Obligations beyond the acquisition
Moreover, there is increased recognition of the importance of robust day-to-day compliance through policies and procedures. This has become more evident in recent years with the rise of the number of data breaches being reported. In 2018, the Information Commissioner’s Office (ICO) fined the hotel group, Marriott, the sum of £18.4 million following its acquisition of Starwood, for what was, in fact, a Starwood breach that happened prior to the acquisition. During its representations, Marriott argued that it was only able to carry out a narrow scope of due diligence on Starwood’s data processing systems and databases. That clearly did not provide an adequate defence and, notably, the ICO was of the opinion that even if fuller due diligence had been undertaken during the acquisition process, that would not have removed Marriott’s continuing obligation to ensure that it complied with the GDPR. So this tells us there is a clear need not only for thorough due diligence, but for robust procedures and policies to be in place post-acquisition to ensure ongoing compliance.
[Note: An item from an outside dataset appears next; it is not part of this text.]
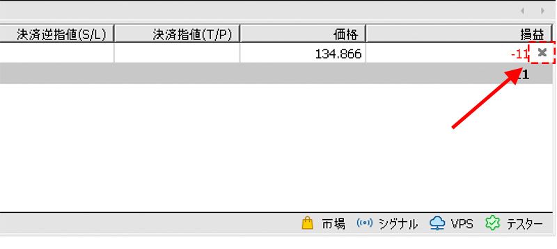 ツールボックス内の「取引タブ」内の決済したいポジションの右端の「×」ボタンをクリックすると決済されます。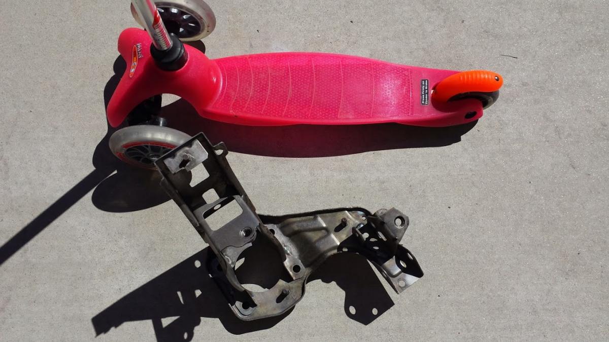 I should have made a "before and after" sequence, but here is my pedal assembly bracket after I left it overnight in Evaporust. The stuff is only good for about a year and my bottle is older than that, so I had to use a little steel wool.

Companies that have robust policies and procedures in place in respect of the data they hold will be better equipped to exploit the value in that data. From a potential purchaser’s perspective, whilst due diligence may corroborate value, it may also identify other potential sources of data value in a target and provide the basis for effective integration of target data into a business. Defensively, it is an opportunity for a purchaser to ensure that it has properly evaluated, and mitigated, potential legal and commercial risks that may come with such data. It will also enable purchasers to understand what actions may need to be taken pre-acquisition as a condition of the deal or, more commonly, post-acquisition as part of a housekeeping exercise to improve compliance and security.
The digital revolution has seen the value of data grow exponentially. Corporate transactions can provide companies with sought after digital capabilities and the ability to extract significant commercial value from diverse sources of data. Whilst data can be incredibly valuable as a business asset, it is crucial to ensure value is not diminished by failings in how it is handled and protected. As we can see from the Marriott case, a valuable data asset, when mismanaged, has the potential to bring financial harm and reputational risk.